Сбоку у печи была сделана специальная выемка, куда Панков складывал дрова, чтобы они немного просохли, правда, в последнее время сушить было нечего, все, что добывалось, немедленно шло в печь, запасов не было, не делали, – капитан нагнулся, посмотрел туда и неожиданно увидел лежащую на пыльных, плохо подметенных кирпичах сморщенную, сухую и от сухости ставшую жестяной змеиную шкуру.
«Значит, все-таки у меня действительно жила змея, – Панков закашлялся от дыма – слишком едок тот был, всасывался в едва приметные щели, нещадно драл глотку, глаза, ноздри, – это хорошо, когда в доме живет змея. Хозяина она, кстати, никогда не укусит – не позволит себе просто такого, а дом охраняет не хуже Чары».
Рядом со «взрослой» змеиной шкурой лежали шесть штук шкурок маленьких – дети домашней кобры тоже сменили одежду. Панков думал, что линяют только взрослые змеи, а оказывается – не только, змееныши тоже линяют, пригнулся, словно над ним прошла струя пуль. «Век живи – век учись…» Недаром так говорят. «И все равно дураком помрешь».
Кобра ушла из дома, она почувствовала опасность уже тогда, когда боевики еще только думали напасть на заставу, кучковались на том берегу Пянджа, жевали насвой и курили анашу, набивали рожки и ленты патронами, молились, оглашая унылыми голосами окрестности, – змея ушла сама и увела с собою детей.
Что-то горькое, горячее возникло во рту у Панкова, сбилось в комок; он, освобождаясь, сплюнул себе под ноги, вздохнул еще раз и, подхватив одной рукой рюкзак, другой автомат, шагнул к выходу.
На улице заметно посветлело, облака, плотным слоем навалившиеся перед рассветом на землю, втянулись в ущелья, утренняя розовина поползла уже по небу, в ней желтоватыми воздушными перьями повисли далекие, расположенные на большой высоте облака.
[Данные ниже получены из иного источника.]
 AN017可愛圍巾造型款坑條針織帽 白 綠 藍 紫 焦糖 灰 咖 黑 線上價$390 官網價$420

Погода в горах – особенно весной, – меняется стремительно.
Стрельба была слышна со всех сторон, но была она вялой, затухающей – и пограничники, и боевики экономили патроны: у пограничников их почти не было, а боевики покупали патроны на свои деньги, и не всем из них была по карману лишняя коробка «маслят». Раз есть стрельба, хоть и вялая, – значит, люди его живы.
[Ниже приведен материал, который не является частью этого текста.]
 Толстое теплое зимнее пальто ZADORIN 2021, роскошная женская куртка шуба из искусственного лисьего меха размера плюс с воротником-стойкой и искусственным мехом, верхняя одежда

Над командирским крылечком, обугленным, сваливающимся на одну сторону, взметывался в небо металлический прут, на котором болталось выцветшее красное полотнецо – флаг заставы. Флаг этот, вяло болтающийся над крыльцом, был подпален с одной стороны, украшен тремя пулевыми дырками и выгорел уже настолько, что от красного цвета там уже не осталось ничего. Это была обычная линялая тряпка, ветхая, изодранная ветром, спаленная солнцем, пробитая пулями. И все-таки это был флаг. Флаг «тихой» заставы.
Флаг надо было обязательно снять с заставы – капитан Панков был нисколько не хуже какого-нибудь краснодонца, подсыпающего песок в бензобаки немецких грузовиков. Он положил рюкзак на землю и вдруг совсем рядом услышал выстрел.
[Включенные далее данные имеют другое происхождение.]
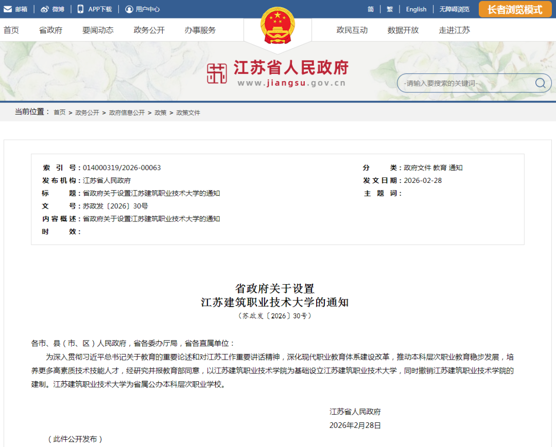 近日,江苏省人民政府发布《关于设置江苏建筑职业技术大学的通知》。

Пуля прошла над самой его головой, ошпарила жаром и оглушила Панкова – непонятно было даже, что больше оглушило его, пуля или выстрел, – Панков отпрыгнул в сторону, ударился спиной о стенку дома. Сполз вниз и невольно ощупал себя – все ли в порядке, цел ли?
Он был цел. Откуда стреляли? Рядом с ним оказалась Чара, запрядала ушами.
– Чара, в дом! – шепотом скомандовал Панков овчарке. Еще не хватало, чтобы подстрелили собаку. Это xуже, чем подстрелили бы его самого. – В дом, Чара!